Remove chicken from refrigerator, remove the gizzard goodie bag, rinse chicken and set aside.

Add the giblets neck and liver from the bag and a teaspoon of rosemary to the beer can.

_If you want to make gravy, you can add salt and other spices such as garlic and onion powder and when you remove the can from the chicken, place in a pot and dress up a bit, get creative here._

Some people do not like the taste of liver, so you may not want to add the liver to the beer can if making gravy.

I have noticed that spices such as Rosemary added in the can really impart flavor into the chicken.

Place the Beer can on a cookie sheet. Rub chicken with olive oil and add your favorite rub or spices. Place chicken on the beer can.

Heat the RF up to about 350 degrees, remove the “Beer Can Chickens” from the cookie sheet and place directly on the grates.

Cook about 80 minutes, I did 90 minutes last time and it came out pretty good. _The chicken makes for an incredible chicken salad the next day._

The safe temp to cook a whole chicken is 180 degrees; I don’t mind overcooking these guys because they still come out OK.

*Safe cooking temp for whole chicken is 165 degrees, I apologize for the typo*

*FDA Link*

Just make sure to get some butter up under the skin at the breast area, because the breast can dry out before the chicken is done.

Remove the chicken from the grill, place in a clean steamer pan and rest for about 15 minutes before carving.

_If you are making gravy, do so while the chicken is resting._

Remove the skin and place on the still hot grates, carve the chicken and after the all the carving is done remove the skin and cut into strips to serve alongside the meat.

As you can see by the first photo, I did not rub these with olive oil or place any butter underneath the skin, however it still came out pretty good. 

My next “Beer Can Chicken” will be cooked at 275 degrees for 90 minutes to see how much of a difference there is in cooking with different temperatures.


----------



## sammy4chickens

They look great, did the skin come out soft or crispy? They have Great Color and look fantastic from here and I'll bet they were juicy too!

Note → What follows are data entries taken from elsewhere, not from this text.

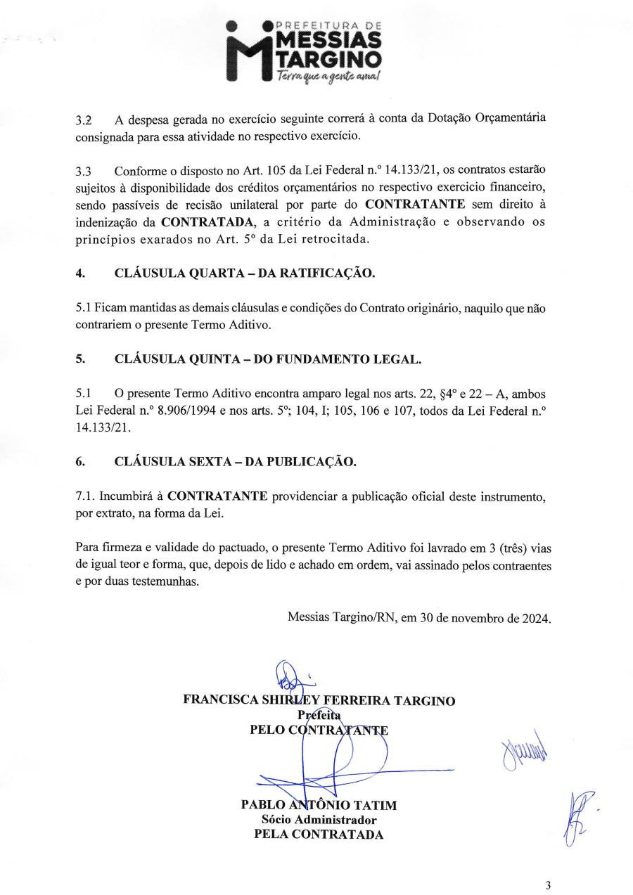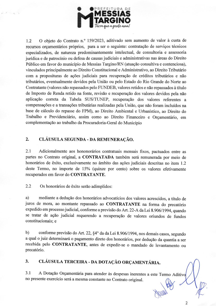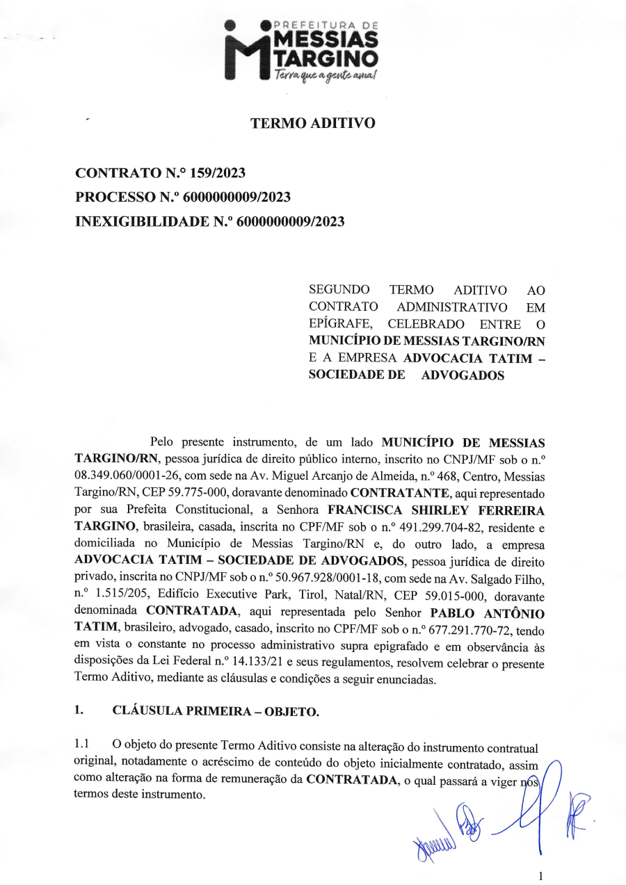 SEGUNDO TERMO ADITIVO AO CONTRATO ADMINISTRATIVO EM EPÍGRAFE, CELEBRADO ENTRE O MUNICÍPIO DE MESSIAS TARGINO/RN E A EMPRESA ADVOCACIA TATIM - SOCIEDADE DE ADVOGADOS.
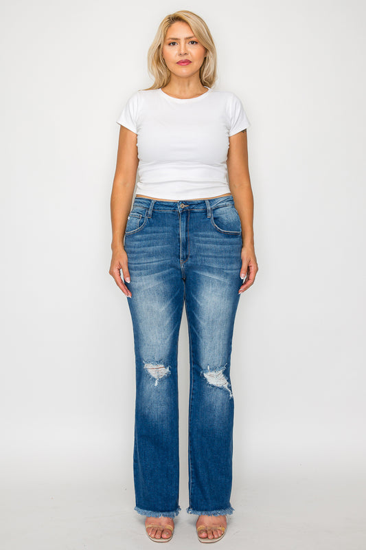 Regular price $69.00 USDRegular priceUnit price / perSale price $69.00 USDThese premium bootcut jeans feature a flattering high-rise fit and fashion distressed details. Made from quality stretch denim in a versatile medium blue wash, they showcase intentional distressing at the knees and fashionable raw hem detailing. The bootcut silhouette creates a balanced proportion while the frayed edges add a contemporary touch. Perfect for casual to semi-casual wear, these jeans combine comfort with style through their premium cotton-blend construction and thoughtful design elements.
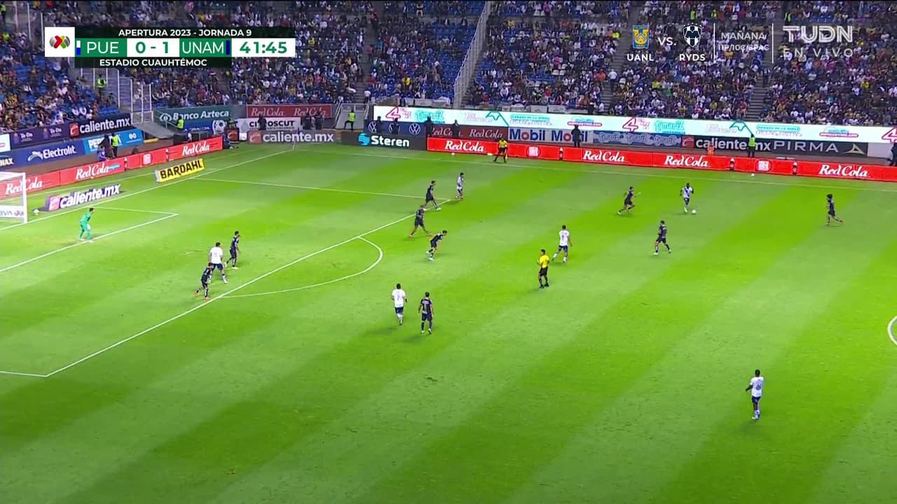 Tiro atajado por abajo a la izquierda. Eduardo Salvio (Pumas UNAM) zurdazo desde fuera del área. Asistencia de Christian Tabó.

In case you can't tell, I love chicken, in any shape or form and I think they look GREAT in your pictures.


----------



## hbark

Hey chicken is easy!


----------



## tyotrain

yes my buddy build it for me they work great for two chickens. I think he got the idea from bass pro shop so i am sure u can buy them


----------



## chefdave007

well try doing one upside down on the can,, breast wing wrap in foil ..cook 30 mins then remove the foil and finish, you will keep the moisture in the breast and the thigh and leg fat will baste this.try it ..also paint the wings with hot sauce and its a conversation piece to all... just ask chef dave im the one with lots of ideas to SHARE...chefdave007aol.com


----------



## asher

Wow, that sounds amazing! I'll have to try it.


----------



## vic81

ChefDave007 said:


> well try doing one upside down on the can,, breast wing wrap in foil ..cook 30 mins then remove the foil and finish, you will keep the moisture in the breast and the thigh and leg fat will baste this.try it ..also paint the wings with hot sauce and its a conversation piece to all... just ask chef dave im the one with lots of ideas to SHARE...chefdave007aol.com


Do any of you guys brine the chicken first before smoking it??


----------



## bigrnm13

Hi guys,

Still haven't gotten a response for my 08/23/10 post.  I am wondering what I did wrong with my temps.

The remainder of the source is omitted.